** Records supplied follows **

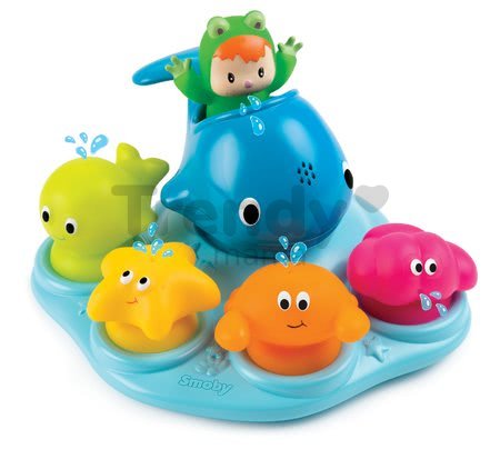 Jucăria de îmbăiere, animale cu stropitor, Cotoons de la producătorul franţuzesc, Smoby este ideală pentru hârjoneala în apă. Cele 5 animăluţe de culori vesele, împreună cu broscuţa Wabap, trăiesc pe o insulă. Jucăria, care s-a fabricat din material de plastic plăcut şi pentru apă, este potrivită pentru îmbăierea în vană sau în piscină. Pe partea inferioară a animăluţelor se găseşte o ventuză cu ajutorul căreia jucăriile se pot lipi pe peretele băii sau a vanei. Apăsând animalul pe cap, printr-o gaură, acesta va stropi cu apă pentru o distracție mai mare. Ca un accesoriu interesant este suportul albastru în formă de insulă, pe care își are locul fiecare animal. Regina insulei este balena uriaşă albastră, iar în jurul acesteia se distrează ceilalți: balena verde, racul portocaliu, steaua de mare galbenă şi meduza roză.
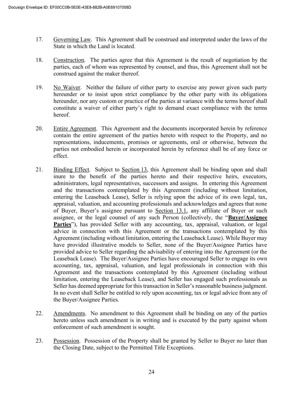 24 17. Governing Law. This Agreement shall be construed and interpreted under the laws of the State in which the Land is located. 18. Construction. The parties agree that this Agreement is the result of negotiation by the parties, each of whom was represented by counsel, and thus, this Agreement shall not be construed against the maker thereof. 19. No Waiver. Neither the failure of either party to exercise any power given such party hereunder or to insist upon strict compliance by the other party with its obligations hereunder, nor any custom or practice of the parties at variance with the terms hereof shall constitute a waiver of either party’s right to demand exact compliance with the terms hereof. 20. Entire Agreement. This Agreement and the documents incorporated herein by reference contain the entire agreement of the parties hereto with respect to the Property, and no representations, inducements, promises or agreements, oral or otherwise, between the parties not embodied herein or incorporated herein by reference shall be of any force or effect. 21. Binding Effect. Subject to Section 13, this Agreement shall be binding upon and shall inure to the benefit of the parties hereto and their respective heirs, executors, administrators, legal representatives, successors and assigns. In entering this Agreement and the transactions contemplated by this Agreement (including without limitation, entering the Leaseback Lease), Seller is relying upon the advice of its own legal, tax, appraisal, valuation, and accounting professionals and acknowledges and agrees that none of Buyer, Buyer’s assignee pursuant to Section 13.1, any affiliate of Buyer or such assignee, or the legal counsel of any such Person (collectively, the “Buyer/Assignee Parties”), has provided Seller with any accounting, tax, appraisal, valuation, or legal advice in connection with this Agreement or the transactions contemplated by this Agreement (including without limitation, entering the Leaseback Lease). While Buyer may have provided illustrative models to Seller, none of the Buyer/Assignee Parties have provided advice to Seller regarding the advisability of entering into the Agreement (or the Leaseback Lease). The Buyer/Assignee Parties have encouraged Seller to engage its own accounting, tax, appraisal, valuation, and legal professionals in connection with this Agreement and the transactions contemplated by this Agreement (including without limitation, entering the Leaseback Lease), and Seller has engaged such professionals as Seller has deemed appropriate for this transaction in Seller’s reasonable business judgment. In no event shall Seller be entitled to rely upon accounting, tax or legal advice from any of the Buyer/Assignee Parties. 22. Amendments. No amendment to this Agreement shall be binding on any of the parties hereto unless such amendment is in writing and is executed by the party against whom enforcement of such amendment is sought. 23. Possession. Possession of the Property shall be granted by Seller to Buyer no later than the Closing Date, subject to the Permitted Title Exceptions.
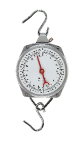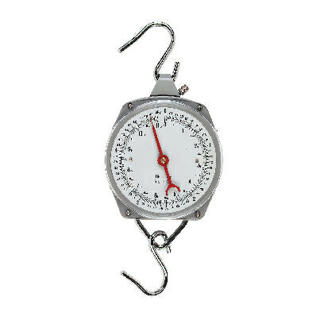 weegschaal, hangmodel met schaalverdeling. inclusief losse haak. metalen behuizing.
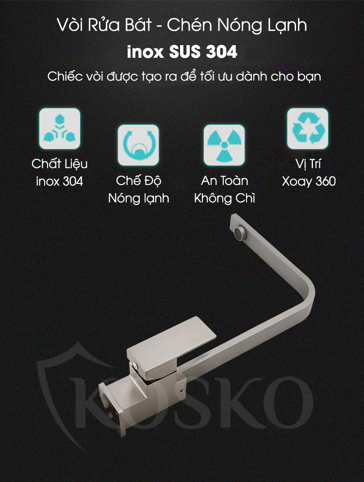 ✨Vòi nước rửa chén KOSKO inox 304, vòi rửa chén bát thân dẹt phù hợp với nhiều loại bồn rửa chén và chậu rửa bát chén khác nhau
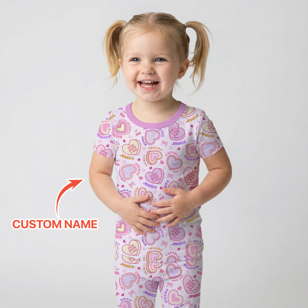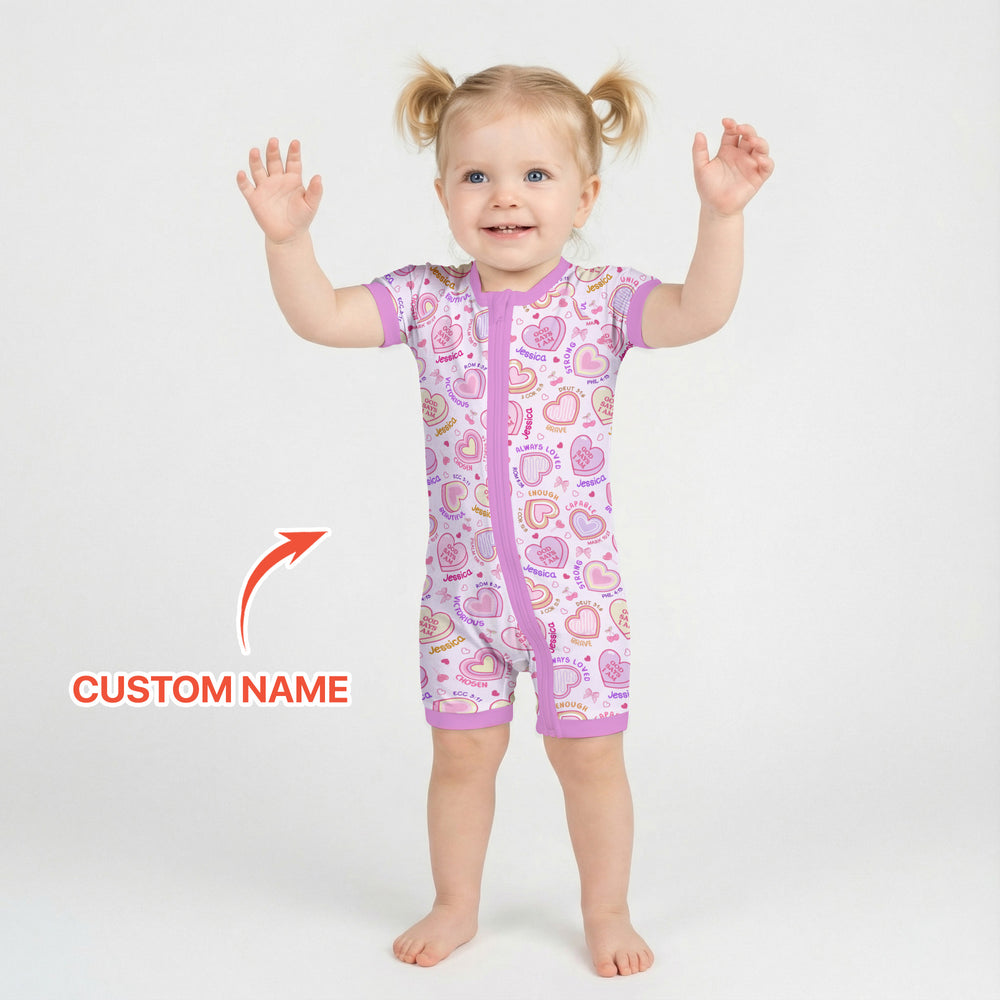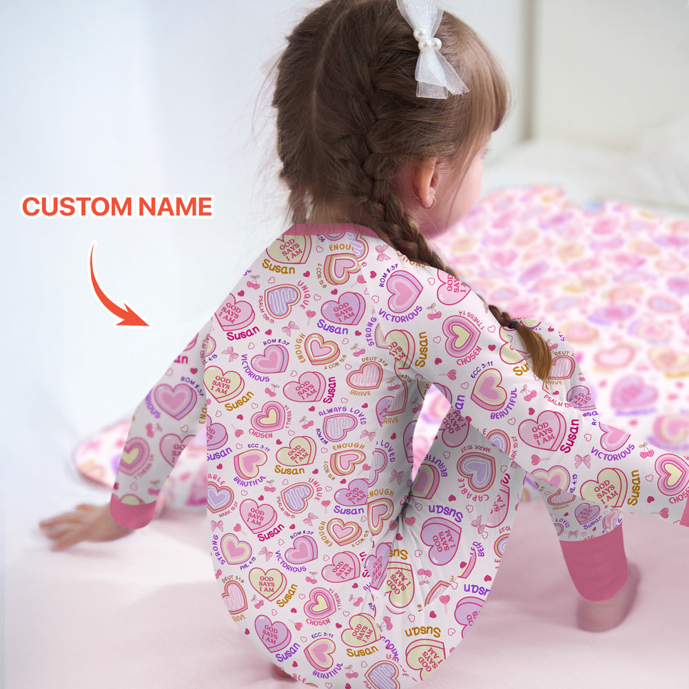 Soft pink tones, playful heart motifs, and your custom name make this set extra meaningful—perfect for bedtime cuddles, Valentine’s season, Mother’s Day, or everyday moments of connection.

** End of Records supplied **
** Records supplied follows **

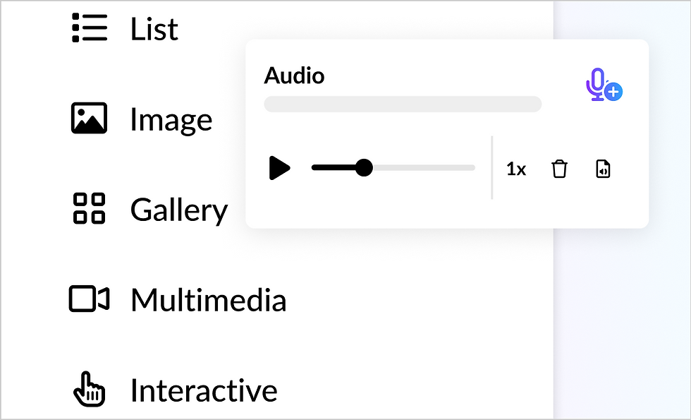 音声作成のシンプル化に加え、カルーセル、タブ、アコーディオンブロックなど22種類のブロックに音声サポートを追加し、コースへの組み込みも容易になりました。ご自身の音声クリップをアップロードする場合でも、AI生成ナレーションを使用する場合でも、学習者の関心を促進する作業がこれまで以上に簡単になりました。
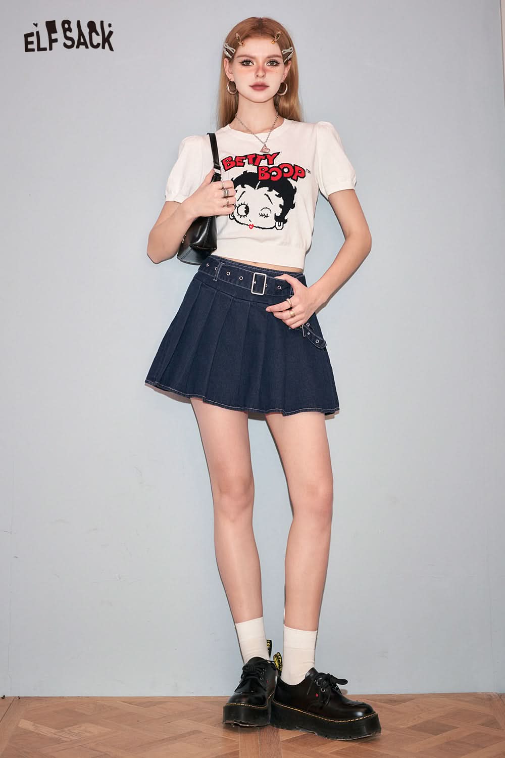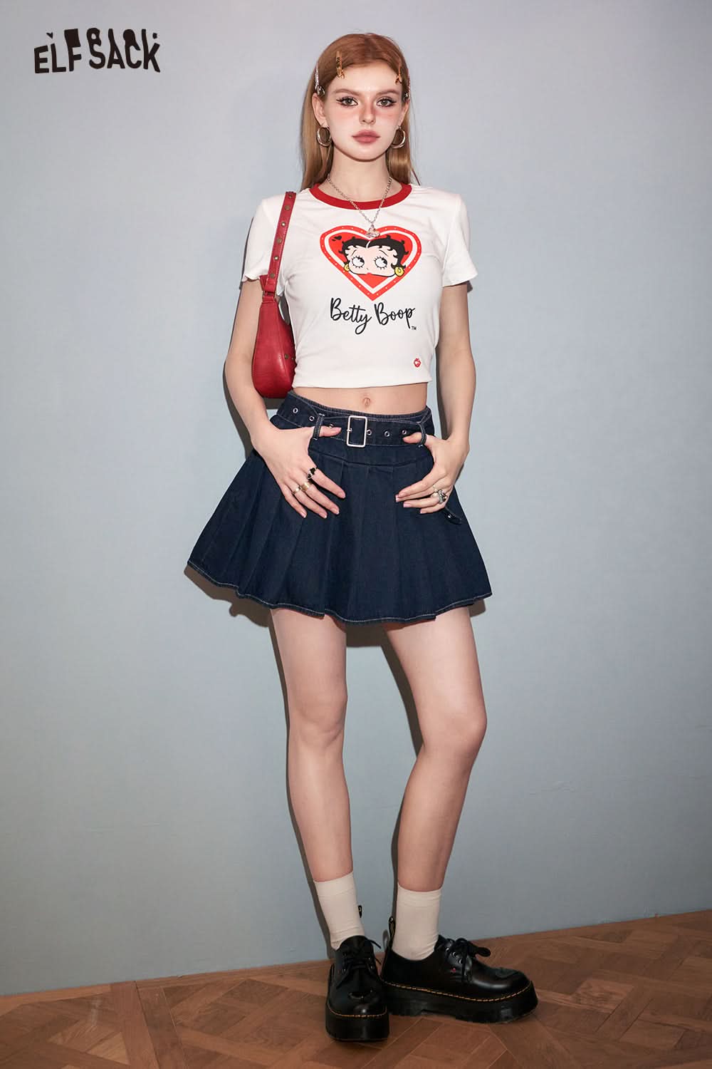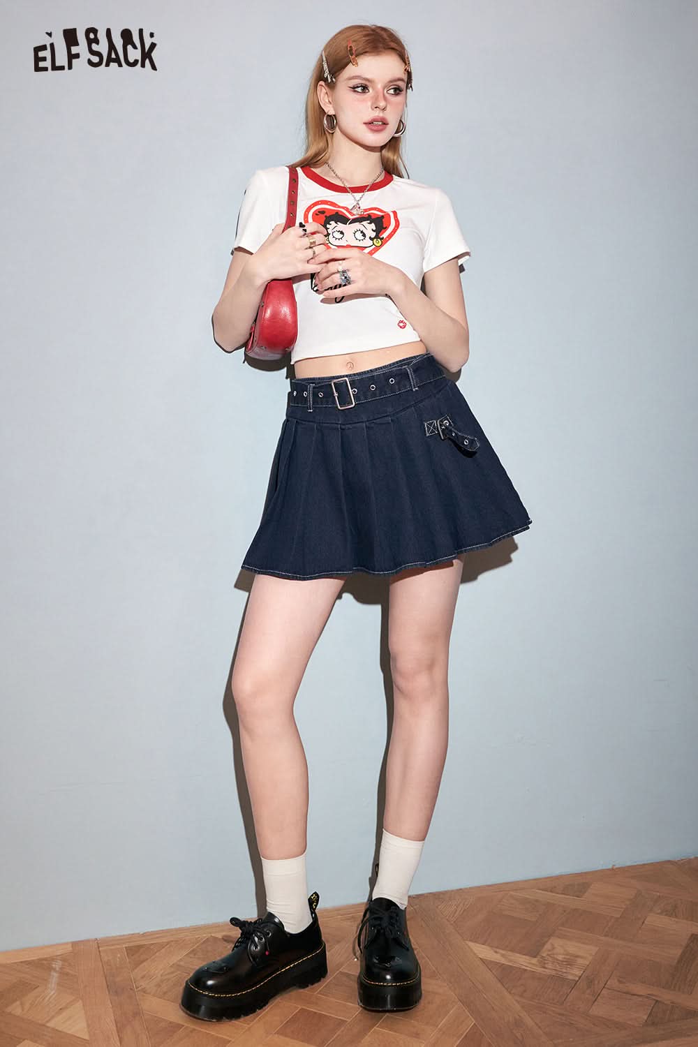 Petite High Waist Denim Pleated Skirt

** End of Records supplied **

Task directions: When you reach the line that has "音声作成のシンプル化に加え、" in the data above, start repeating lines exactly, and stop after the line that has "Petite High Waist Denim Pleated Skirt"; pictures stay out.

Written answer:
 音声作成のシンプル化に加え、カルーセル、タブ、アコーディオンブロックなど22種類のブロックに音声サポートを追加し、コースへの組み込みも容易になりました。ご自身の音声クリップをアップロードする場合でも、AI生成ナレーションを使用する場合でも、学習者の関心を促進する作業がこれまで以上に簡単になりました。
 Petite High Waist Denim Pleated Skirt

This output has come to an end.